== Segment start ==

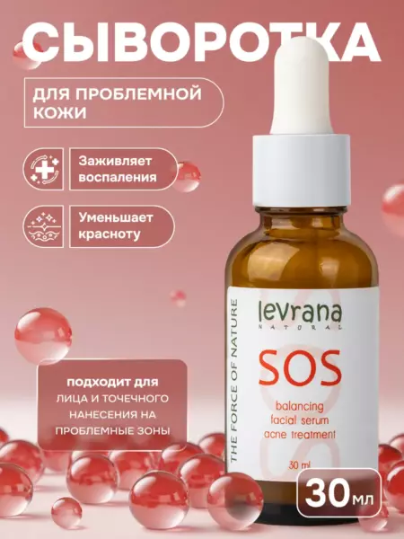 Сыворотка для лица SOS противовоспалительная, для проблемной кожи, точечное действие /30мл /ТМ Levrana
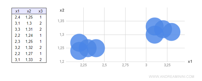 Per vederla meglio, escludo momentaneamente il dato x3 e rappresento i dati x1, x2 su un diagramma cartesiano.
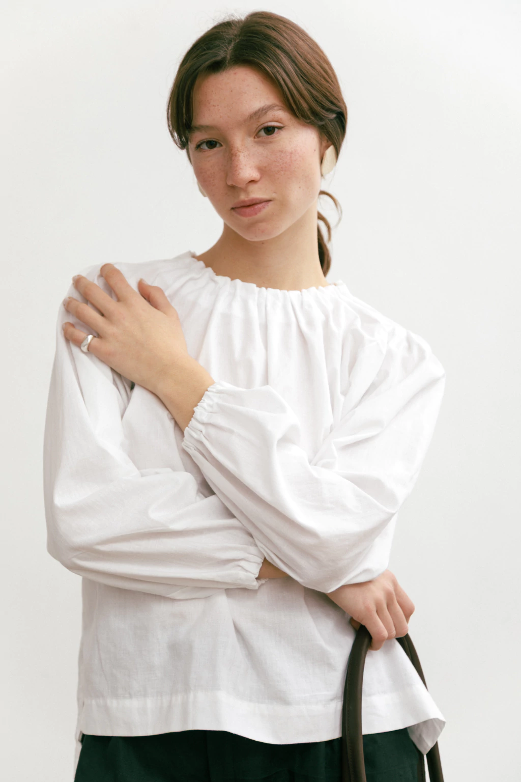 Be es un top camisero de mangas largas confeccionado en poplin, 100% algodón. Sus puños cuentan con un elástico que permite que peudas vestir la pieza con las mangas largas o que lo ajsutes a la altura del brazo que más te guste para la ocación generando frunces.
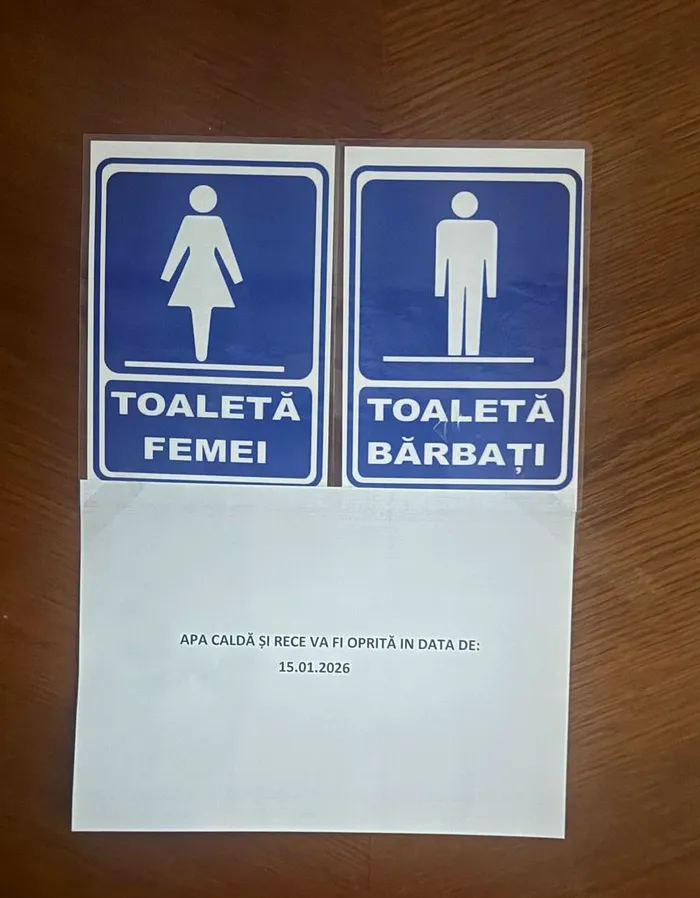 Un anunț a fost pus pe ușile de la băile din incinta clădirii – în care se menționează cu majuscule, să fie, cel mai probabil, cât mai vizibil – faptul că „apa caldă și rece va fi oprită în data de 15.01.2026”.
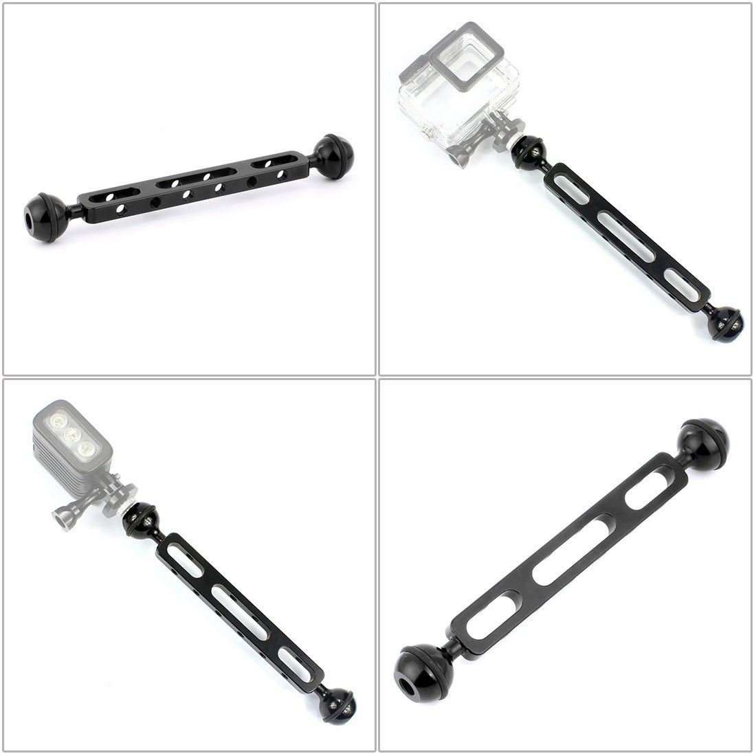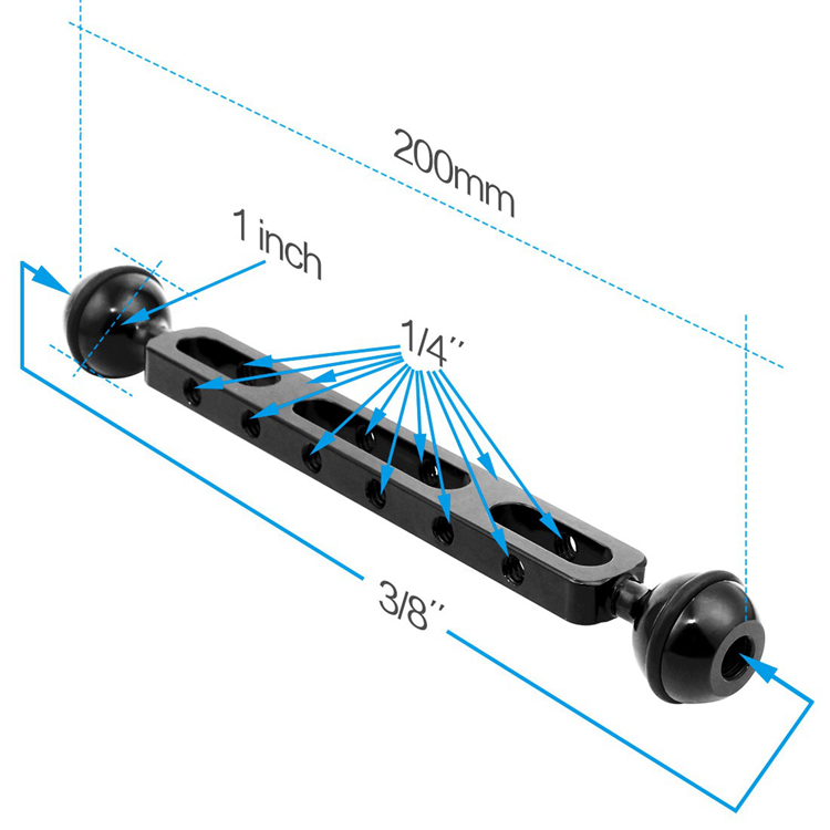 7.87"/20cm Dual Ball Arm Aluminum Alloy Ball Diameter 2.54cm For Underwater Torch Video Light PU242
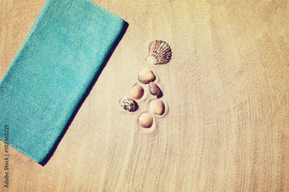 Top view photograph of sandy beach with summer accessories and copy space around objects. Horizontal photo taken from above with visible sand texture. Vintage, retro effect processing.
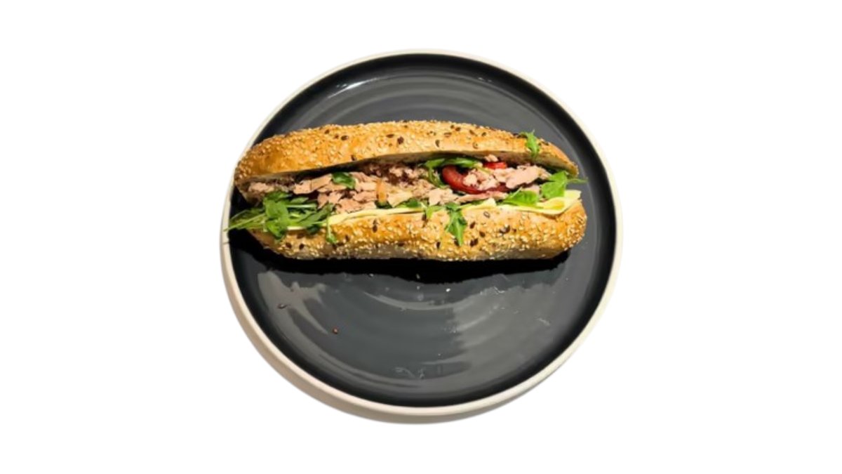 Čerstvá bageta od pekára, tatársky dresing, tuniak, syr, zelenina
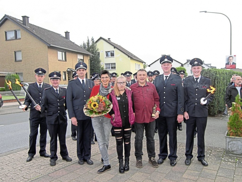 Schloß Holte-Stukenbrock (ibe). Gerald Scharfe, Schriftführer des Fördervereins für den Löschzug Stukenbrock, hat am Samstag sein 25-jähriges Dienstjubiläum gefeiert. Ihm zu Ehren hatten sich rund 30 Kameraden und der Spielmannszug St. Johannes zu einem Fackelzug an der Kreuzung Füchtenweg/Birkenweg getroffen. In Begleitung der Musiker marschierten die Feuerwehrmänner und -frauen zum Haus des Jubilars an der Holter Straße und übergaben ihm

== Segment end ==

> **Directions**:
Pictures in the records must not appear in the copy; transcribe everything else precisely.

> **Final answer**:
 Сыворотка для лица SOS противовоспалительная, для проблемной кожи, точечное действие /30мл /ТМ Levrana
 Per vederla meglio, escludo momentaneamente il dato x3 e rappresento i dati x1, x2 su un diagramma cartesiano.
 Be es un top camisero de mangas largas confeccionado en poplin, 100% algodón. Sus puños cuentan con un elástico que permite que peudas vestir la pieza con las mangas largas o que lo ajsutes a la altura del brazo que más te guste para la ocación generando frunces.
 Un anunț a fost pus pe ușile de la băile din incinta clădirii – în care se menționează cu majuscule, să fie, cel mai probabil, cât mai vizibil – faptul că „apa caldă și rece va fi oprită în data de 15.01.2026”.
 7.87"/20cm Dual Ball Arm Aluminum Alloy Ball Diameter 2.54cm For Underwater Torch Video Light PU242
 Top view photograph of sandy beach with summer accessories and copy space around objects. Horizontal photo taken from above with visible sand texture. Vintage, retro effect processing.
 Čerstvá bageta od pekára, tatársky dresing, tuniak, syr, zelenina
 Schloß Holte-Stukenbrock (ibe). Gerald Scharfe, Schriftführer des Fördervereins für den Löschzug Stukenbrock, hat am Samstag sein 25-jähriges Dienstjubiläum gefeiert. Ihm zu Ehren hatten sich rund 30 Kameraden und der Spielmannszug St. Johannes zu einem Fackelzug an der Kreuzung Füchtenweg/Birkenweg getroffen. In Begleitung der Musiker marschierten die Feuerwehrmänner und -frauen zum Haus des Jubilars an der Holter Straße und übergaben ihm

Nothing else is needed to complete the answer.